Дневник - Витольд Гомбрович
Шрифт:
Интервал:
Закладка:
Однако такая фигура, которая не годится на то, что с ней творят «Ведомости», Лехонь в качестве поэта эмиграции — плохая идея; на этот трон они поместили худшие из его слабостей: пассеизм, классический польский романтизм и всё, что, к сожалению, было в нем от «Варшавского Курьера». Впрочем, слишком хорошо чувствовалось, что реклама «Ведомостей» диктуется скорее манией величия редакции издания, чем признанием пресловутого величия Лехоня. Эта кампания вдохновлялась уверенностью, что «читателям» все можно навязать: дух этой убежденности жутким образом смешивался с фимиамом и смешивается по сей день. Кроме группки «Ведомостей», никто этого тезиса не подхватил, в Польше у Лехоня после смерти была слабая пресса, даже в лагере, который ему симпатизировал, поэт оставался местным поэтом Лондона.
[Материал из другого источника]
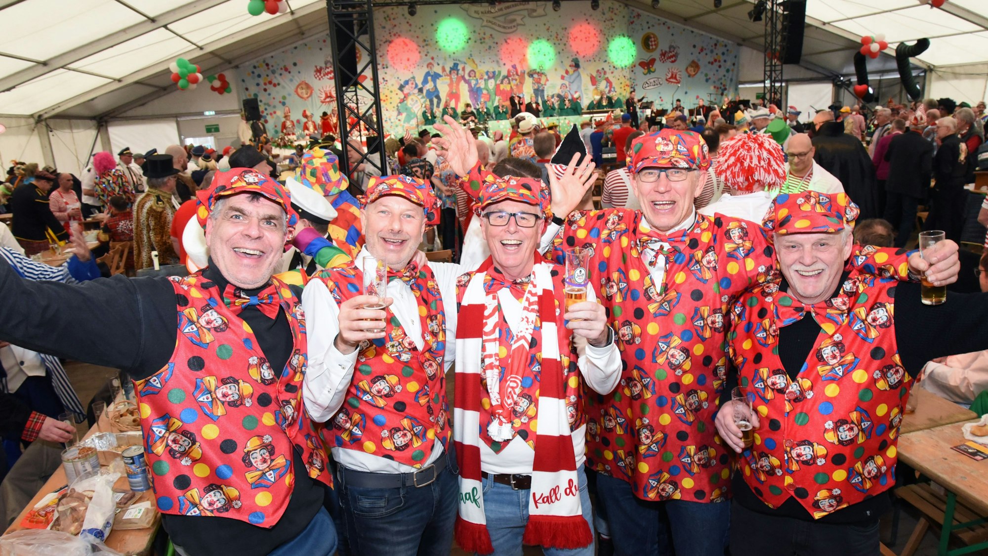 Gut drauf auch im halb vollen Zelt: Die „Schnellenbicker“, eine Männergruppe aus Schnellen- und Bickenbach, halten ihre Clownskostüme seit 20 Jahren in Ehren.

Прискорбно, что из человека, который был «прекрасным Лехонем», сделали «прекрасного поэта» — на этой пропаганде прогорел бедняга, как Заблоцкий на мыле[172].
Вторник
Еще одно словечко о «Ведомостях». Меня и самого это удивляет и восхищает, но я должен на этот раз признать правоту за г-ном Збышевским: в свое время это издание было источником вдохновения, оно ускоряло ход развития, расширяло кругозор, и заслуги Грыдзевского в этом велики. А что теперь?
Знай, милый друг, Дамон любезный,Сегодня здесь не рай, а мрак.Где Зевс с Олимпа правил честно,Сегодня царствует…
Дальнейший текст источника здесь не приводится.